PROBLEM: Images are to be dropped; everything else in the entries below must be copied exactly.

RECORDS FOR THIS EXERCISE:
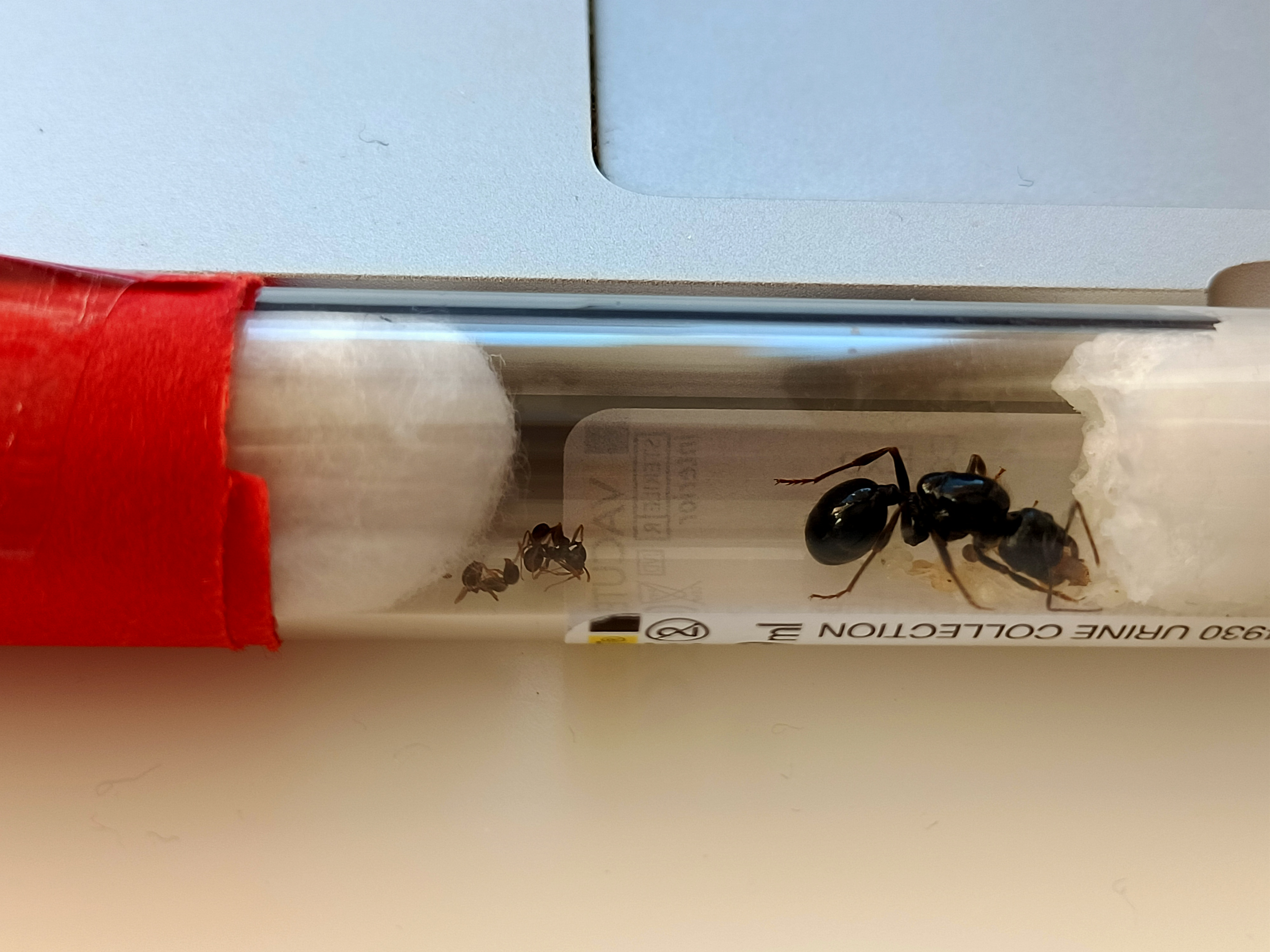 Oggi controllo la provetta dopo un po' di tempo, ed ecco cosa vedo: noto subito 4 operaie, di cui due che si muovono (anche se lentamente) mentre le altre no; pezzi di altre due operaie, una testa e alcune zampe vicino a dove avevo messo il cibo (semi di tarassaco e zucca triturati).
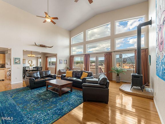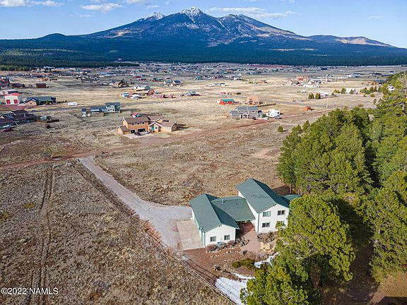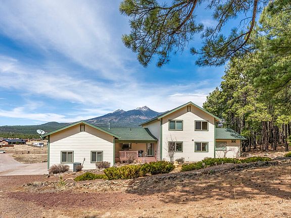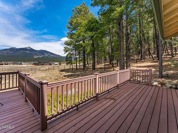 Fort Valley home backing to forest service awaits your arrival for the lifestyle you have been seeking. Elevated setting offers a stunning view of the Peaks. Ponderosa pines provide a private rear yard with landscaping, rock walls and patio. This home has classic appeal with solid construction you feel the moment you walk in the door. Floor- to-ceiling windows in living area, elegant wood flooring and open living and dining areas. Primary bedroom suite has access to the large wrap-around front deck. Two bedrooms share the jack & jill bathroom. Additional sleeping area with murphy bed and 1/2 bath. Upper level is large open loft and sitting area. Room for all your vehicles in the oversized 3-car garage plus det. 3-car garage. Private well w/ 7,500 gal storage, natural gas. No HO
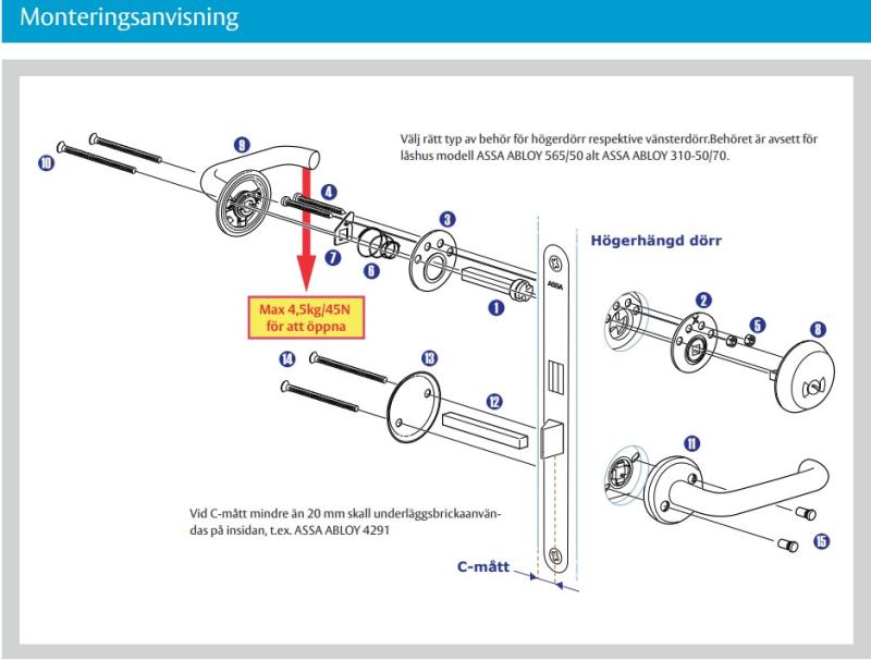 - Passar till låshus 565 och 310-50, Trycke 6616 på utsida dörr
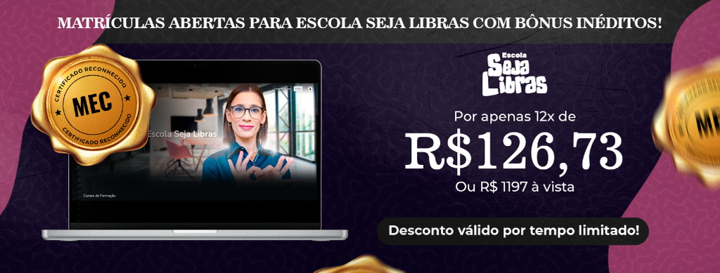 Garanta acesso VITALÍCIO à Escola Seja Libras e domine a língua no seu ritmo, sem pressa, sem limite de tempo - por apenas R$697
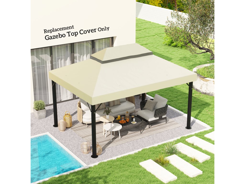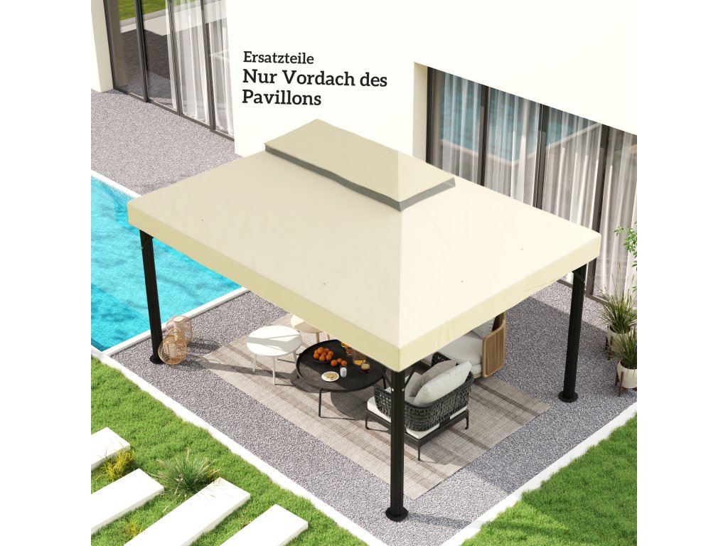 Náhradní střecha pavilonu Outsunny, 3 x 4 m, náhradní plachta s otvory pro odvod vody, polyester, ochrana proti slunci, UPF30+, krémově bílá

TASK RESPONSE:
 Oggi controllo la provetta dopo un po' di tempo, ed ecco cosa vedo: noto subito 4 operaie, di cui due che si muovono (anche se lentamente) mentre le altre no; pezzi di altre due operaie, una testa e alcune zampe vicino a dove avevo messo il cibo (semi di tarassaco e zucca triturati).
 Fort Valley home backing to forest service awaits your arrival for the lifestyle you have been seeking. Elevated setting offers a stunning view of the Peaks. Ponderosa pines provide a private rear yard with landscaping, rock walls and patio. This home has classic appeal with solid construction you feel the moment you walk in the door. Floor- to-ceiling windows in living area, elegant wood flooring and open living and dining areas. Primary bedroom suite has access to the large wrap-around front deck. Two bedrooms share the jack & jill bathroom. Additional sleeping area with murphy bed and 1/2 bath. Upper level is large open loft and sitting area. Room for all your vehicles in the oversized 3-car garage plus det. 3-car garage. Private well w/ 7,500 gal storage, natural gas. No HO
 - Passar till låshus 565 och 310-50, Trycke 6616 på utsida dörr
 Garanta acesso VITALÍCIO à Escola Seja Libras e domine a língua no seu ritmo, sem pressa, sem limite de tempo - por apenas R$697
 Náhradní střecha pavilonu Outsunny, 3 x 4 m, náhradní plachta s otvory pro odvod vody, polyester, ochrana proti slunci, UPF30+, krémově bílá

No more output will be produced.